_ENTRIES SUPPLIED_:
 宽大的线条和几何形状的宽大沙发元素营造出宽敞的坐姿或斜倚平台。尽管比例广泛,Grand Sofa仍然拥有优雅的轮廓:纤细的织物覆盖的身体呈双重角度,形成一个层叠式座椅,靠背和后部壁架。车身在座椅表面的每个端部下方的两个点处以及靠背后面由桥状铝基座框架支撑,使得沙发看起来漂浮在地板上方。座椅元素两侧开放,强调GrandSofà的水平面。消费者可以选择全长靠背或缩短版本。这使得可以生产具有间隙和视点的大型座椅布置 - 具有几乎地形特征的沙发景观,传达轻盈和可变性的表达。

--

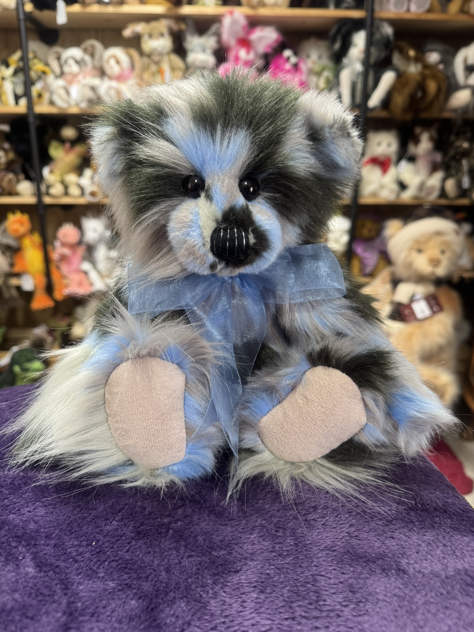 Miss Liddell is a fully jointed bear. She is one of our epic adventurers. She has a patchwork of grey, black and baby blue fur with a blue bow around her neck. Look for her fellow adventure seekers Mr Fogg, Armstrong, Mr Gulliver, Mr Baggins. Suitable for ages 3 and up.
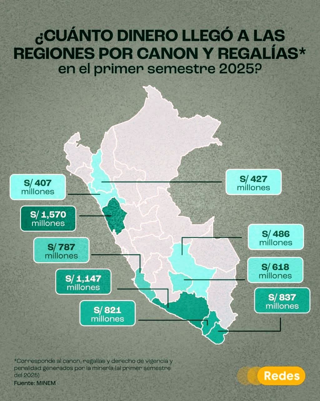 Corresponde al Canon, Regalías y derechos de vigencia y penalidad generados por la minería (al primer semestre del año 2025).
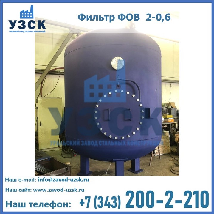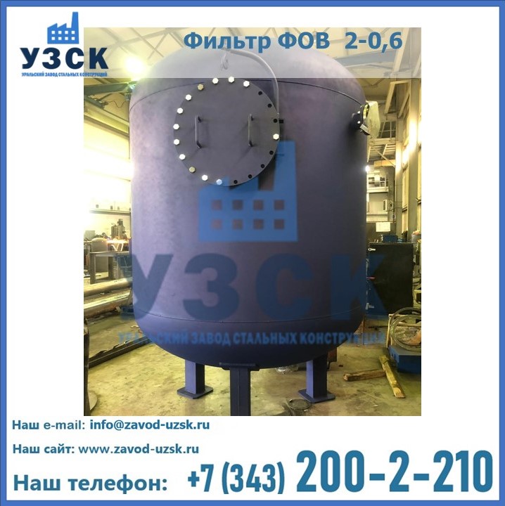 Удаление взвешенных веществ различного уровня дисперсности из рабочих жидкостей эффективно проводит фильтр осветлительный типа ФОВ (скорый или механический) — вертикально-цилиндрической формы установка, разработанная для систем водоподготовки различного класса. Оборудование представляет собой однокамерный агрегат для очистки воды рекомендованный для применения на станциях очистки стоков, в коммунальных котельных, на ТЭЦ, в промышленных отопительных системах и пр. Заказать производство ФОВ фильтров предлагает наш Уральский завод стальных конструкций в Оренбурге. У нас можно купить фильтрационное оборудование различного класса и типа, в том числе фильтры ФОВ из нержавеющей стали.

_ASSIGNMENT_: In the data above, find the line containing "Miss Liddell is" and the line containing "Удаление взвешенных веществ". Repeat those two lines and everything between them exactly, minus the pictures.

_EXERCISE RESPONSE_:
 Miss Liddell is a fully jointed bear. She is one of our epic adventurers. She has a patchwork of grey, black and baby blue fur with a blue bow around her neck. Look for her fellow adventure seekers Mr Fogg, Armstrong, Mr Gulliver, Mr Baggins. Suitable for ages 3 and up.
 Corresponde al Canon, Regalías y derechos de vigencia y penalidad generados por la minería (al primer semestre del año 2025).
 Удаление взвешенных веществ различного уровня дисперсности из рабочих жидкостей эффективно проводит фильтр осветлительный типа ФОВ (скорый или механический) — вертикально-цилиндрической формы установка, разработанная для систем водоподготовки различного класса. Оборудование представляет собой однокамерный агрегат для очистки воды рекомендованный для применения на станциях очистки стоков, в коммунальных котельных, на ТЭЦ, в промышленных отопительных системах и пр. Заказать производство ФОВ фильтров предлагает наш Уральский завод стальных конструкций в Оренбурге. У нас можно купить фильтрационное оборудование различного класса и типа, в том числе фильтры ФОВ из нержавеющей стали.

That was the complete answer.